(Dataset items)

- - -

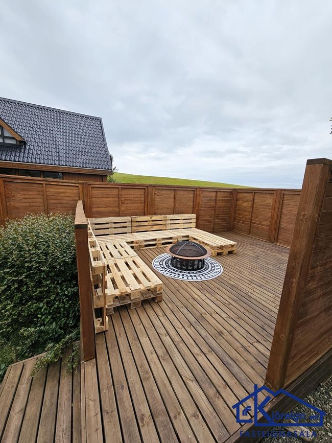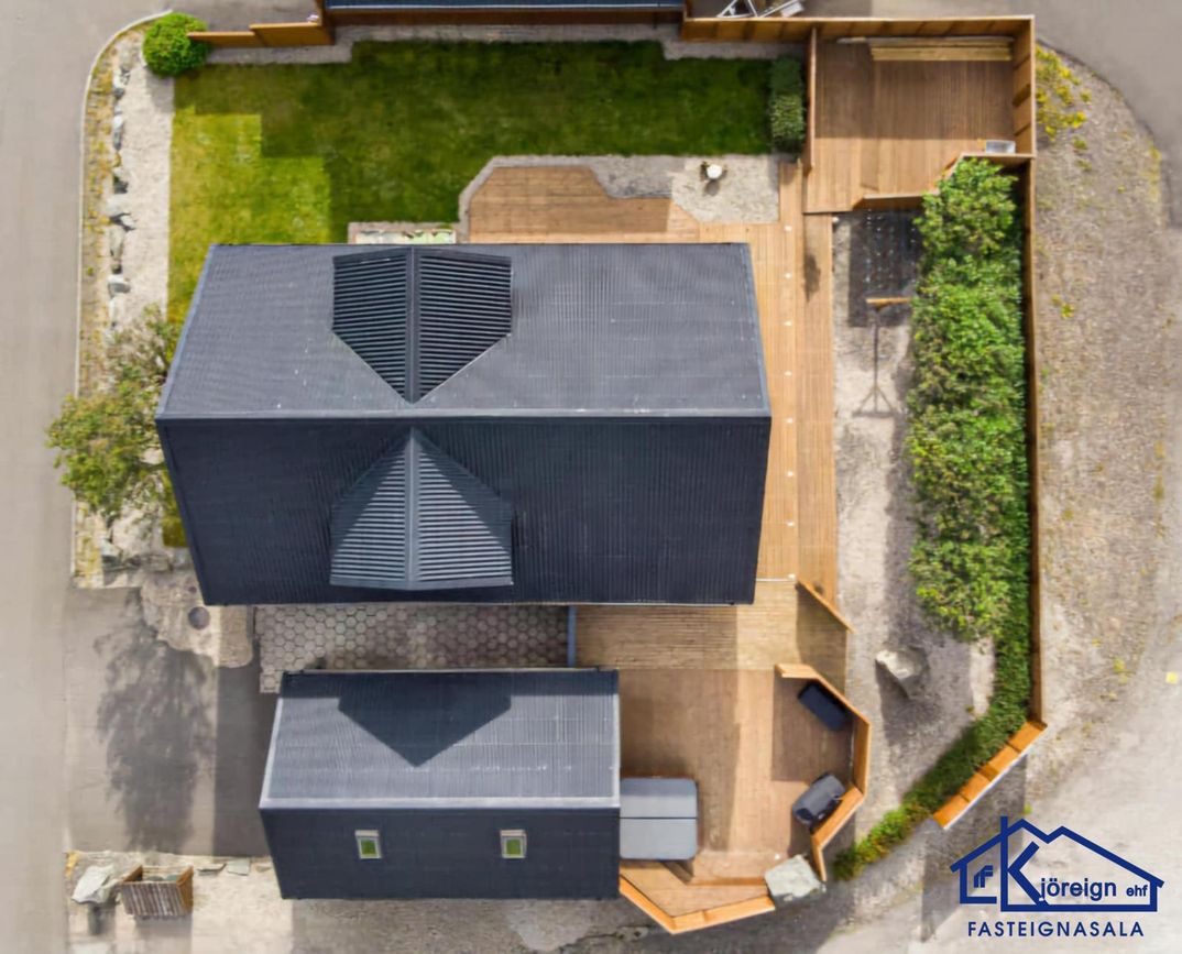 Glæsilegur og skjólgóður garður með pallum á suður- og vesturhlið. 8 manna rafmangspottur við bílskúrinn.
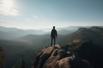 a man with backpack holding camera standing on cliff with mountains view and sunlight through cloud. Travel lifestyle, adventure and success concept
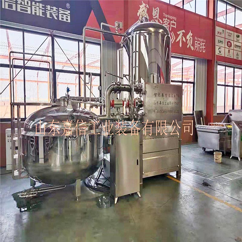 真空低溫油炸設備加熱方式采用蒸汽加熱。以蒸汽作為加熱介質(zhì),比較適合一定規模的工業(yè)化生產(chǎn)。其加熱器是螺旋盤(pán)管與夾套相結合,直接與炸油換熱。使用這一方式的特點(diǎn)是熱力足,特別是在炸品進(jìn)入釜體以后炸油溫度下降較多時(shí),加大蒸汽供應可以滿(mǎn)足加工時(shí)對熱量的需求。
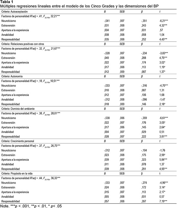 El resultado del análisis de regresión mostró que el modelo de los Cinco Grandes fue un modelo significativo para las seis dimensiones del bienestar psicológico (BP); los modelos explicaron la varianza en un rango de 18% a 44% de BP.
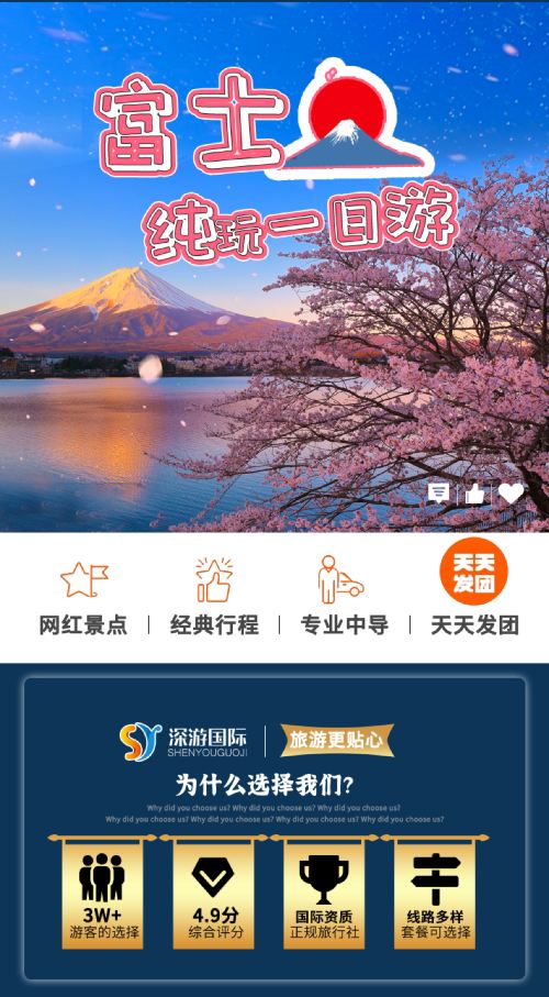 日本东京富士山盛景一日游【9人精品团|上门接送|中文导游】【[一天打卡6大热门景点]山中湖&日川时计店&罗森便利店&金鸟居&大石公园&网红公园】
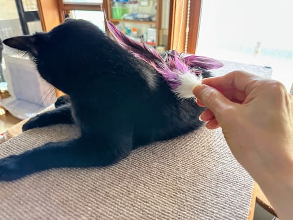 鳥の羽でなでると、クロちゃんは喜びます。「優しいふわふわは好きだ」

- - -

» **What is being asked**
Begin with the line that contains "日本东京富士山盛景一日游【9" and repeat every line through the end of the data, exactly and only those lines, leaving out the pictures.

» **Answer space**
 日本东京富士山盛景一日游【9人精品团|上门接送|中文导游】【[一天打卡6大热门景点]山中湖&日川时计店&罗森便利店&金鸟居&大石公园&网红公园】
 鳥の羽でなでると、クロちゃんは喜びます。「優しいふわふわは好きだ」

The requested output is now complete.